From the FDA Drug Label
Adult PatientsAcute Bacterial Exacerbations of Chronic Obstructive Pulmonary Disease In a randomized, double-blind controlled clinical trial of acute exacerbation of chronic bronchitis (AECB), azithromycin (500 mg once daily for 3 days) was compared with clarithromycin (500 mg twice daily for 10 days). The primary endpoint of this trial was the clinical cure rate at Day 21 to 24 For the 304 patients analyzed in the modified intent to treat analysis at the Day 21 to 24 visit, the clinical cure rate for 3 days of azithromycin was 85% (125/147) compared to 82% (129/157) for 10 days of clarithromycin
The management of acute exacerbation of Chronic Obstructive Pulmonary Disease (COPD) may include the use of antibiotics such as azithromycin.
- Key points:
- Azithromycin may be used for the treatment of acute bacterial exacerbations of COPD.
- The clinical cure rate for azithromycin was 85% in one study.
- The use of ipratropium bromide inhalation solution as a single agent for the relief of bronchospasm in acute COPD exacerbation has not been adequately studied 2. No conclusion can be drawn regarding the use of other treatments or management strategies for acute exacerbation of COPD from the provided drug labels. 3
From the Research
Management of Acute Exacerbation of COPD
The management of acute exacerbation of Chronic Obstructive Pulmonary Disease (COPD) involves a combination of pharmacological and non-pharmacological treatments.
- Initial clinical evaluation is crucial to define those patients requiring hospital admission and those who could be managed as outpatients 4.
- Medical treatment should follow recent recommendations, including:
- Non-invasive ventilation (NIV) should be the first line ventilatory support for patients with severe exacerbations, unless contraindicated 4, 6, 7.

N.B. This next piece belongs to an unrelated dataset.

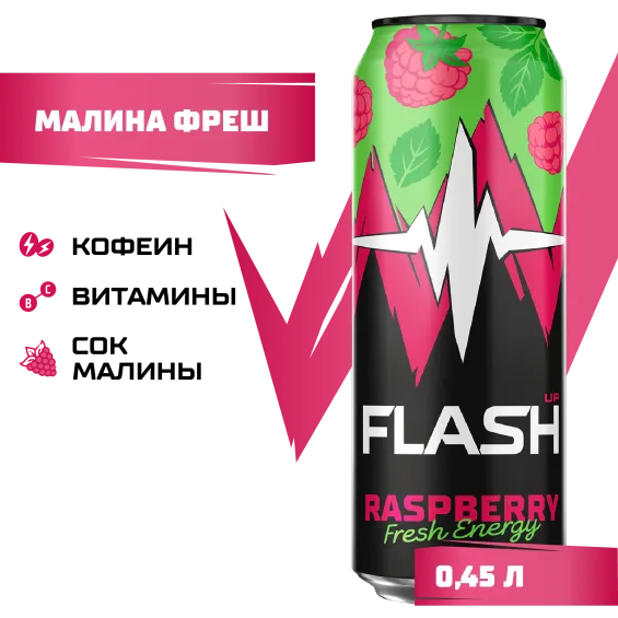 вода питьевая очищенная, сахар, регуляторы кислотности: лимонная кислота и цитрат натрия, концентрат для напитков «Энерджимикс» (таурин, витамин С, мальтодекстрин, кофеин, ниацин, пантотеновая кислота, витамин B6, фолиевая кислота), ароматизатор пищевой натуральный «тип Малина», ароматизатор пищевой натуральный «тип Ревень» (регулятор кислотности уксусная кислота), ароматизатор пищевой «Ваниль» (стабилизаторы: Е414, Е444, Е445), сок черной моркови концентрированный, подсластители: ацесульфам калия, сахаринат натрия, цикламат натрия, краситель Е120, консерванты: сорбат калия и бензоат натрия, сок концентрированный из малины

- Mechanical ventilation through an endotracheal tube should be considered when patients have contraindications to the use of NIV or fail to improve on NIV 4.
- The duration of mechanical ventilation should be shortened as much as possible by an early weaning process, including preventive post-extubation NIV in hypercapnic patients 4.
- Strategies to prevent COPD exacerbations include:
Non-Pharmacological Treatments
Non-pharmacological treatments for acute exacerbations of COPD include:
- Oxygen therapy, which can be safely administered in acute exacerbations associated with hypoxaemia, with titration of oxygen delivery to a goal oxygen saturation of 90% 5, 7.
- High flow nasal cannulae (HFNC) oxygen therapy, which needs further prospective studies 6.
- Pulmonary rehabilitation, which is recommended due to its feasibility and safety 6, 8.
- Non-invasive ventilation (NIV), which reduces the morbidity and mortality associated with acute exacerbations complicated by hypercapnic respiratory failure 4, 6, 7.
Hospital Care
Hospital care for patients with acute exacerbations of COPD should be optimized by:
- Determining the appropriate level of care based on the initial severity and response to initial medical treatment 4.
- Providing care in the ICU for severe cases 4.
- Shortening hospital stay by non-invasive treatments 4.
- Implementing care coordination to improve the effectiveness of care for patients with COPD exacerbation 7.